Novatus [Novatianus], a presbyter at Rome, being lifted up with arrogance against these persons, as if there was no longer for them a hope of salvation, not even if they should do all things pertaining to a pure and genuine conversion, became the leader of the heresy of those who in the pride of their imagination style themselves Cathari.[72] Thereupon a very large synod assembled at Rome, of bishops in number sixty, and a great many more presbyters and deacons; and likewise the pastors of the remaining provinces deliberated in their places by themselves concerning what ought to be done. A decree, accordingly, was confirmed by all that Novatus and those who joined with him, and those who adopted his brother-hating and inhuman opinion, should be considered by the Church as strangers; but that they should heal such of the brethren as had fallen into misfortune, and should minister to them with the medicines of repentance. There have come down to us epistles of Cornelius, bishop of Rome, to Fabius, of the church at Antioch, which show what was done at the synod at Rome, and what seemed best to all those in Italy and Africa and the regions thereabout. Also other epistles, written in the Latin language, of Cyprian and those with him in Africa, by which it is shown that they agreed as to the necessity of succoring those who had been tempted, and of cutting off from the Catholic Church the leader of the heresy and all that joined him.

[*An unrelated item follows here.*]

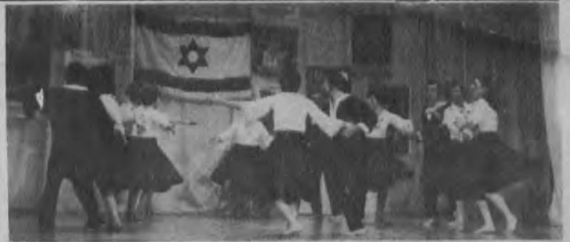
The AKSE Dance Group Cafe Tamar

In celebration of Israel's 36th year of independence, the Adas Kodesch Shel Emeth Choral and Dance groups will present an exciting program of music and dance of Cafe Tamar on Sunday evening, May 20 in the social hall of the synagogue.

Chapter IV. The Period Of Peace For The Church: A. D. 260 To A. D. 303
After the Decian-Valerian persecution (250-260) the Church enjoyed a long peace, rarely interrupted anywhere by hostile measures, until the outbreak of the second great general persecution, under Diocletian (303-313), a space of over forty years. In this period the Church cast off the chiliasm which had lingered as a part of a primitive Jewish conception of Christianity ([§ 47]), and adapted itself to the actual condition of this present world. Under the influence of scientific theology, especially that of the Alexandrian school, the earlier forms of Monarchianism disappeared from the Church, and the discussion began to narrow down to the position which it eventually assumed in the Arian controversy ([§ 48]). Corresponding to the development of the theology went that of the cultus of the Church, and already in the West abiding characteristics appeared ([§ 49]). The cultus and the disciplinary work of the bishops advanced in turn the hierarchical organization of the Church and the place of the bishops ([§ 50]), but the theory of local episcopal autonomy and the universalistic tendencies of the see of Rome soon came into sharp conflict ([§ 51]), especially over the validity of baptism administered by heretics ([§ 52]). In this discussion the North African Church assumed a position which subsequently became the occasion of the most serious schism of the ancient Church, or Donatism. In this period, also, is to be set the rise of Christian Monasticism as distinguished from ordinary Christian asceticism ([§ 53]). At the same time, a dangerous rival of Christianity appeared in the East, in the form of Manichæanism, in which were absorbed nearly all the remnants of earlier Gnosticism ([§ 54]).